Aim of the task
Of the material below, the lines to be retyped are those from the line containing "Aerial view of" through the line containing "#anthropologie #pepin #nwt", inclusive; reproduce them exactly.

Supplied material

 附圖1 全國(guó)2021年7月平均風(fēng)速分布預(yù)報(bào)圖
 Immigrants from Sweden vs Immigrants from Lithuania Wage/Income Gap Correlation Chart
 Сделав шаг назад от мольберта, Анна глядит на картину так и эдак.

==

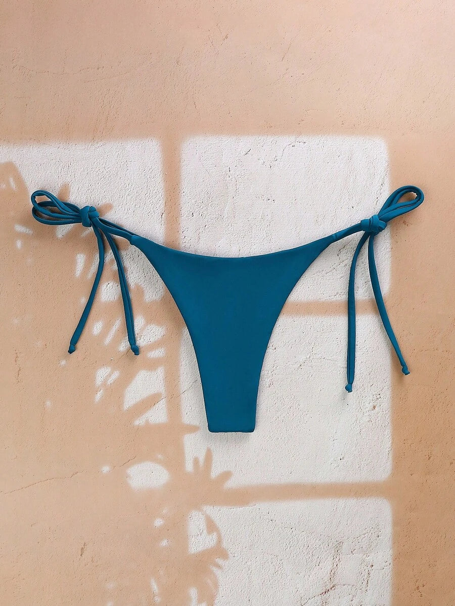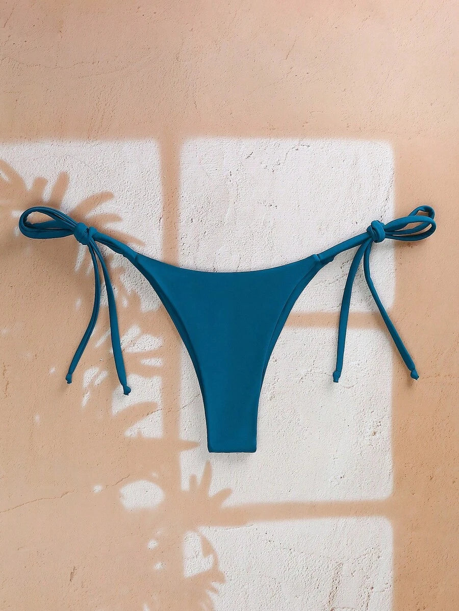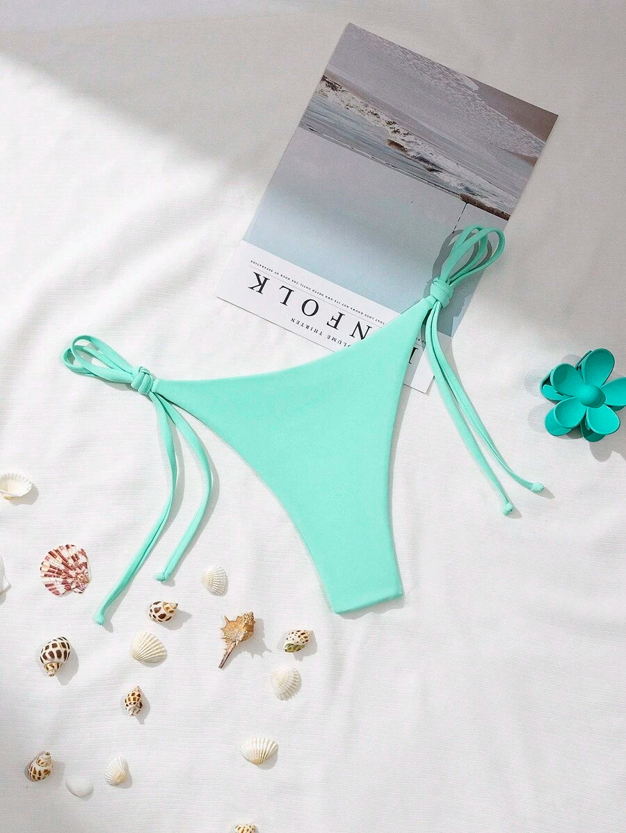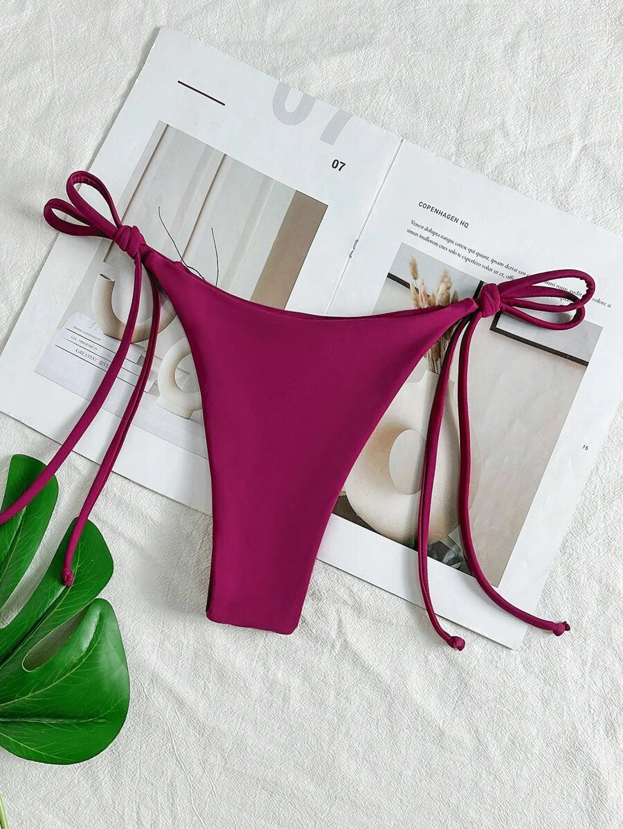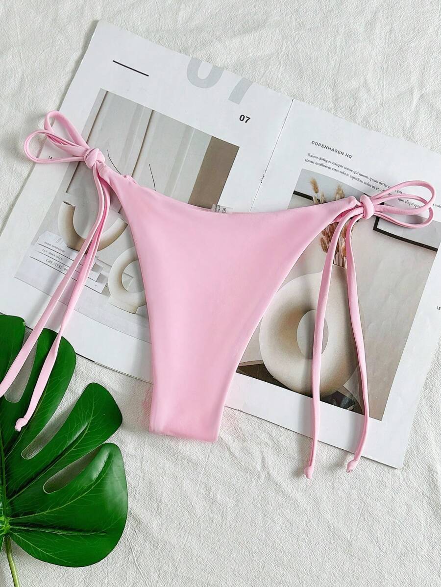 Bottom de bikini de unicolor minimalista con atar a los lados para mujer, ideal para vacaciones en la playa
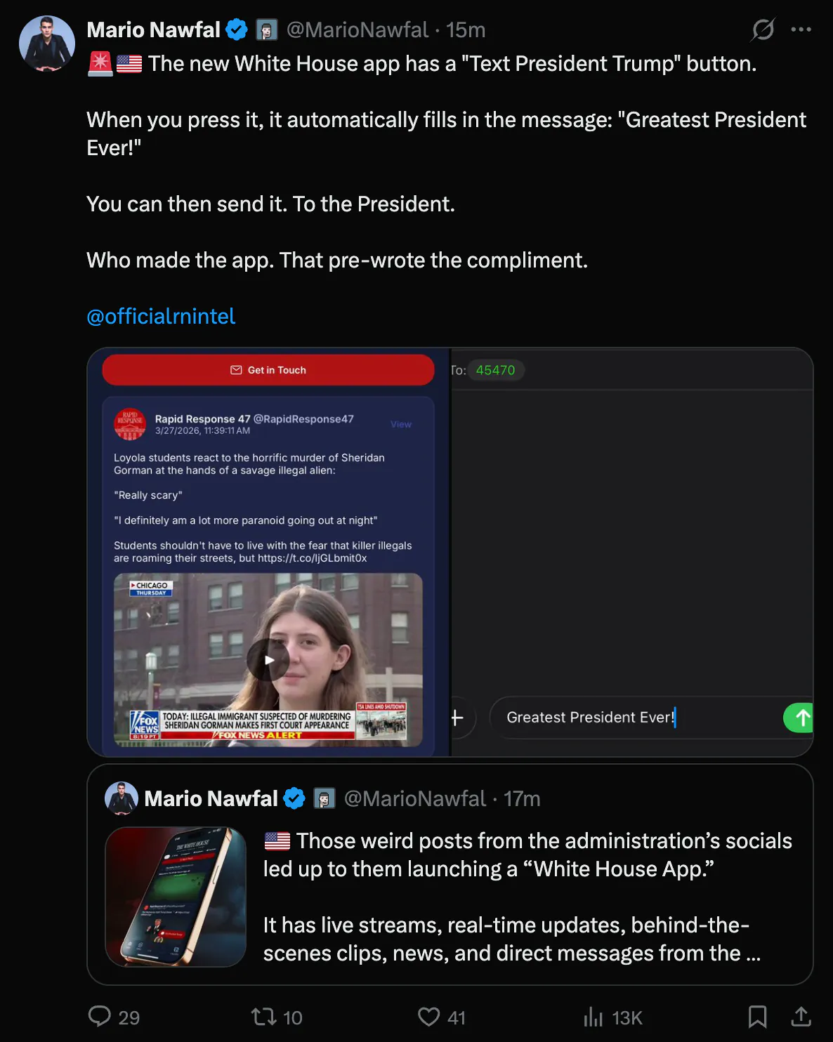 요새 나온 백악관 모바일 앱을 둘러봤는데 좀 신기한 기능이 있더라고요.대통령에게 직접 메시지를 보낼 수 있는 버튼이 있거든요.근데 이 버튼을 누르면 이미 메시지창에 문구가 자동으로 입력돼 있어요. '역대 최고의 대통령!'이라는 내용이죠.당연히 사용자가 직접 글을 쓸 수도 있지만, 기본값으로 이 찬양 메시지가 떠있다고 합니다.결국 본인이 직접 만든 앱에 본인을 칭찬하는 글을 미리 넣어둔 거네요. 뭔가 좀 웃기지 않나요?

* * *

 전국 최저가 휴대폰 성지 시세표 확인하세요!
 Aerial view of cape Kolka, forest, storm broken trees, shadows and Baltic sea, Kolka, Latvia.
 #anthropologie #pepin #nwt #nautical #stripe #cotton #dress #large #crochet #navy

Response for this exercise
 Aerial view of cape Kolka, forest, storm broken trees, shadows and Baltic sea, Kolka, Latvia.
 #anthropologie #pepin #nwt #nautical #stripe #cotton #dress #large #crochet #navy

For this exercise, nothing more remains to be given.